──────── Data provided

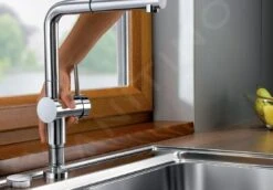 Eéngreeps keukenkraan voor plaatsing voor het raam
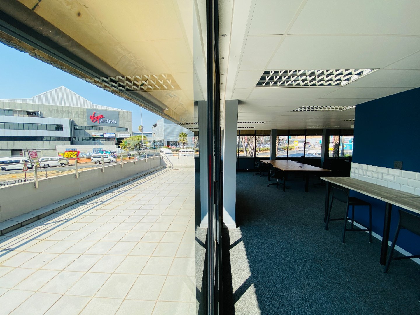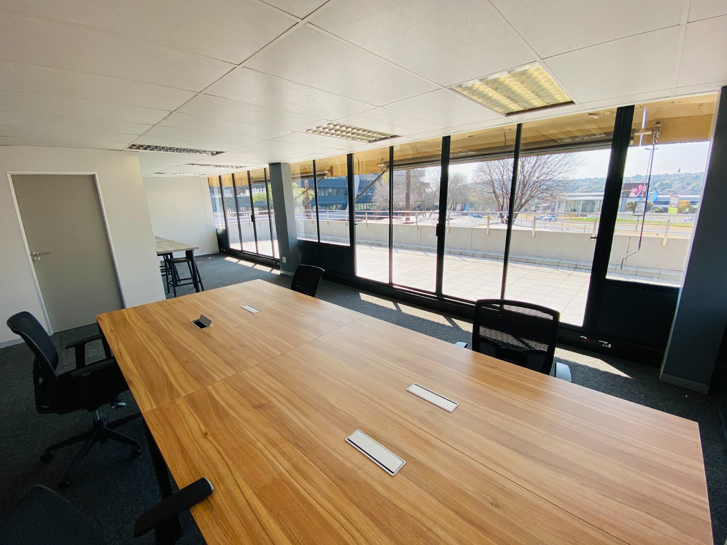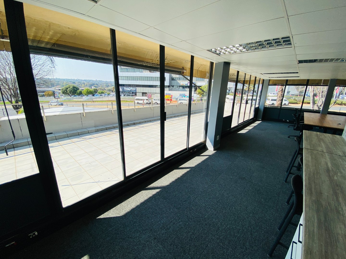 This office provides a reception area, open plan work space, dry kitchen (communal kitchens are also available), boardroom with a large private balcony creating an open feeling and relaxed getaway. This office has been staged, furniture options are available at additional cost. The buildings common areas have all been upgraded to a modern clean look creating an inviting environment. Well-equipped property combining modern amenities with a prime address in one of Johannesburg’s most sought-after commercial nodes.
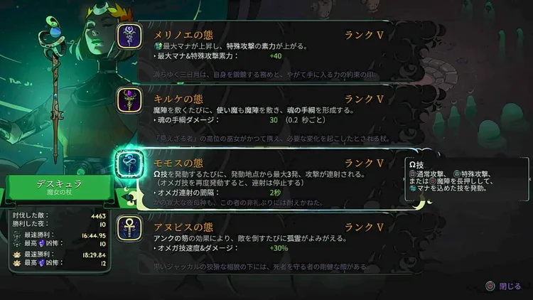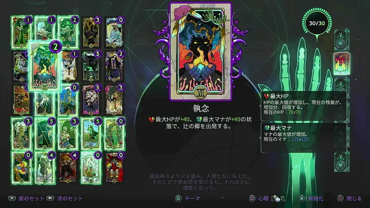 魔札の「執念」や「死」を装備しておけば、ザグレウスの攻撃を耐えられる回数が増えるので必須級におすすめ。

────────────────

» Exercise
Please retype the listing exactly, leaving out any images.

» Solution below
 Eéngreeps keukenkraan voor plaatsing voor het raam
 This office provides a reception area, open plan work space, dry kitchen (communal kitchens are also available), boardroom with a large private balcony creating an open feeling and relaxed getaway. This office has been staged, furniture options are available at additional cost. The buildings common areas have all been upgraded to a modern clean look creating an inviting environment. Well-equipped property combining modern amenities with a prime address in one of Johannesburg’s most sought-after commercial nodes.
 魔札の「執念」や「死」を装備しておけば、ザグレウスの攻撃を耐えられる回数が増えるので必須級におすすめ。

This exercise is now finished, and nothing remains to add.